If you are seeing "CIDFont-F1 cannot be created or found" or your text is appearing as dots or boxes, try these steps: CIDFont+F1 issue - Adobe Community Cidfont-f1 Font
CIDFont-F1 is a font that uses the CID character identification system to represent characters. It is a composite font, which means that it can contain multiple font designs, each representing a different character or set of characters.

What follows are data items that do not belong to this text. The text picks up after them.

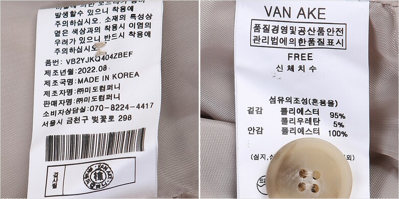 | 1. 제품 소재 (섬유의 조성 또는 혼용률을 백분율로 표시, 기능성인 경우 성적서 또는 허가서) | 겉감-폴리에스터95% 폴리우레탄5% 안감-폴리에스터100% |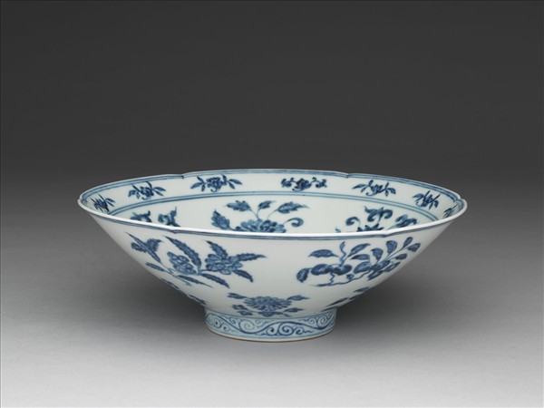 六瓣葵花形口,深壁,矮圈足。碗內口沿下兩道弦紋間畫各種花卉十二朵,內壁畫四季花卉六枝,底心三圈弦紋內畫桃實一枝。外壁口沿下弦紋兩道,器身畫折枝花、果分上下二層各六枝。足壁上下圈畫弦紋兩道,內飾卷草紋一周。底有青花書「大明宣德年製」六字二行楷款,外加雙圈。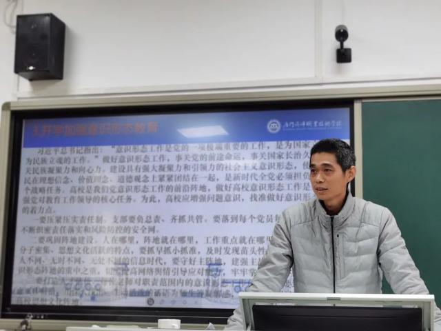 林杰钦传达了关于印发《厦门海洋职业技术学院教职工 2021 年度考核工作方案》的通知、关于印发《厦门海洋职业技术学院 2021 年教职工师德师风考核工作办法》的通知等有关政策文件,肯定了学院认真落实意识形态工作责任制、切实加强师德师风建设取得的积极成效,就更好开展意识形态建设、师德师风建设工作进行了严密部署。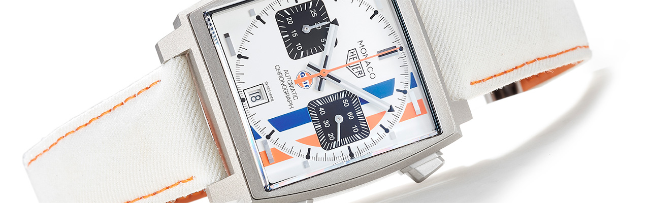 雖說這前提只建立在錶主只有一只腕錶的情況,卻也是個有趣的說法。但不管實際考量為何,這確實也更加深了Monaco Chronograph × Gulf與當年初代版本的連結。限量971只,暗示電影上映的1971年。與面盤色調相同,有著橙色縫線的白色織物錶帶,配色與材質都與電影中的車衣相同,讓致意的意象更首尾呼應。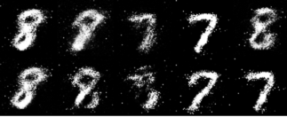 ノイズの状態から徐々に良い感じの7, 8画像が生まれていますね。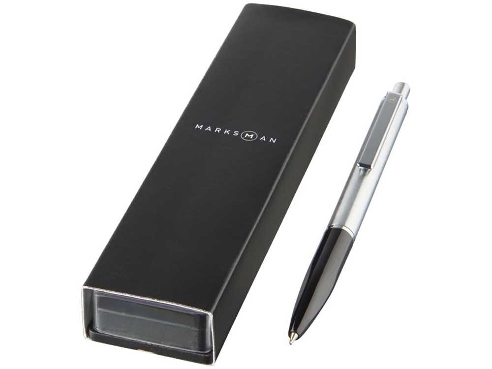 Шариковая ручка Dot - синие чернила. Шариковая ручка с кнопочным механизмом с комфортным держателем. Упакована в коробку Marksman. Металл и пластик АБС.Вы можете купить из наличия шариковую ручку «Dot», черный, чёрную чернила с вашим логотипом прямо сейчас, оформив быструю доставку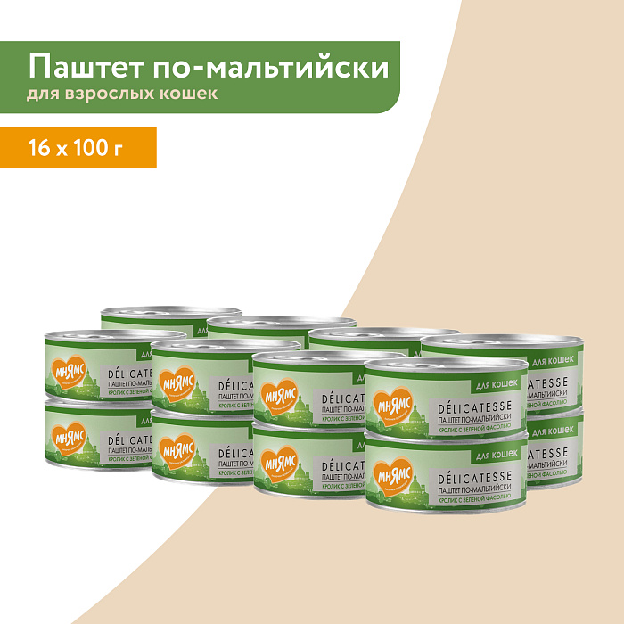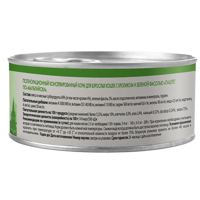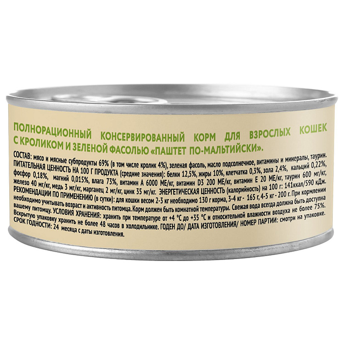Полнорационный сбалансированный влажный корм с кроликом и зеленой фасолью для кошек старше 12 месяцев, созданный по мотивам блюд высокой кухни. "Паштет по-мальтийски" содержит высокое количество животного белка (69%), зеленую фасоль, таурин, а также все необходимые витамины и минералы для поддержания здоровья и активности кошки на протяжении всей ее жизни. Без ГМО, сои, искусственных красителей и ароматизаторов.

The CIDFont-F1 font is typically used in Asian languages, such as Chinese, Japanese, and Korean, where a large number of characters are required to represent the language. "The font looks too thin on my Mac compared to Windows
CIDFont-F1 represents a pivotal era in digital typography. Before CID fonts, handling East Asian character sets (which can exceed 10,000 glyphs) required massive, unwieldy font files. The CID format allowed font developers to organize glyphs into manageable modules, drastically improving rendering speed and memory usage. CIDFont-F1 stands as a standard bearer for this transition, bridging the gap between early bitmap fonts and modern Unicode-based OpenType standards. The CIDFont-F1 font is typically used in Asian
Cidfont-f1 is a font format developed by Adobe Systems in the 1990s. The "CID" in Cidfont-f1 stands for "Character ID," which refers to the unique identifier assigned to each character in the font. The "f1" suffix indicates that it's a font specifically designed for use with Adobe's PostScript language.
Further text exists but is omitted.